* _What this task involves_
Exactly as written, output each record given below.

____________

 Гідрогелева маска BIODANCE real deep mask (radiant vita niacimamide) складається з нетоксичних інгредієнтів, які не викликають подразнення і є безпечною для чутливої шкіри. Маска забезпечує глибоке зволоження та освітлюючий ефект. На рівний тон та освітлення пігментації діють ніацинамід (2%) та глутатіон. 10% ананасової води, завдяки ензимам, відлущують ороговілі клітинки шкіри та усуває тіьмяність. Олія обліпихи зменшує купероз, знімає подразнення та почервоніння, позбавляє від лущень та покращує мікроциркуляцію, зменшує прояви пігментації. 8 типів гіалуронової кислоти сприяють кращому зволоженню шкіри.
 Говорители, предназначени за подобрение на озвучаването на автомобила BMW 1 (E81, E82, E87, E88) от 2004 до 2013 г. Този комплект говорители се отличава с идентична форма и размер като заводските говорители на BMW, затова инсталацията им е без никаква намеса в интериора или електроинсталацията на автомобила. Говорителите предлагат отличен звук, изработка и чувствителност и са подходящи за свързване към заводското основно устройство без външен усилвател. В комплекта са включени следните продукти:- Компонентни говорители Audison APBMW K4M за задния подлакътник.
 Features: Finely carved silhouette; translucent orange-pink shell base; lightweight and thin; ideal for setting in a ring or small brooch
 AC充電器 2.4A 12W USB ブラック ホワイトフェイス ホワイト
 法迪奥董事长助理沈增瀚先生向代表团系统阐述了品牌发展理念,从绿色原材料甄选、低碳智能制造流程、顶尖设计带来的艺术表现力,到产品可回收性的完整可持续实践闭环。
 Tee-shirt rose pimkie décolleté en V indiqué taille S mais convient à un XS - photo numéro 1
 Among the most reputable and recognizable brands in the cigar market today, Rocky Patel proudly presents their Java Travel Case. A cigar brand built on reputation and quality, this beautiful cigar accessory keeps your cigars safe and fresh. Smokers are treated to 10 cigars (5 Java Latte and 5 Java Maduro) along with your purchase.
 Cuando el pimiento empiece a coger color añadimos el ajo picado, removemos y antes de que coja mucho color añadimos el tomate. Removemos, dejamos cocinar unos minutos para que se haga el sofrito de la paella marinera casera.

____________

* _Task response_
 Гідрогелева маска BIODANCE real deep mask (radiant vita niacimamide) складається з нетоксичних інгредієнтів, які не викликають подразнення і є безпечною для чутливої шкіри. Маска забезпечує глибоке зволоження та освітлюючий ефект. На рівний тон та освітлення пігментації діють ніацинамід (2%) та глутатіон. 10% ананасової води, завдяки ензимам, відлущують ороговілі клітинки шкіри та усуває тіьмяність. Олія обліпихи зменшує купероз, знімає подразнення та почервоніння, позбавляє від лущень та покращує мікроциркуляцію, зменшує прояви пігментації. 8 типів гіалуронової кислоти сприяють кращому зволоженню шкіри.
 Говорители, предназначени за подобрение на озвучаването на автомобила BMW 1 (E81, E82, E87, E88) от 2004 до 2013 г. Този комплект говорители се отличава с идентична форма и размер като заводските говорители на BMW, затова инсталацията им е без никаква намеса в интериора или електроинсталацията на автомобила. Говорителите предлагат отличен звук, изработка и чувствителност и са подходящи за свързване към заводското основно устройство без външен усилвател. В комплекта са включени следните продукти:- Компонентни говорители Audison APBMW K4M за задния подлакътник.
 Features: Finely carved silhouette; translucent orange-pink shell base; lightweight and thin; ideal for setting in a ring or small brooch
 AC充電器 2.4A 12W USB ブラック ホワイトフェイス ホワイト
 法迪奥董事长助理沈增瀚先生向代表团系统阐述了品牌发展理念,从绿色原材料甄选、低碳智能制造流程、顶尖设计带来的艺术表现力,到产品可回收性的完整可持续实践闭环。
 Tee-shirt rose pimkie décolleté en V indiqué taille S mais convient à un XS - photo numéro 1
 Among the most reputable and recognizable brands in the cigar market today, Rocky Patel proudly presents their Java Travel Case. A cigar brand built on reputation and quality, this beautiful cigar accessory keeps your cigars safe and fresh. Smokers are treated to 10 cigars (5 Java Latte and 5 Java Maduro) along with your purchase.
 Cuando el pimiento empiece a coger color añadimos el ajo picado, removemos y antes de que coja mucho color añadimos el tomate. Removemos, dejamos cocinar unos minutos para que se haga el sofrito de la paella marinera casera.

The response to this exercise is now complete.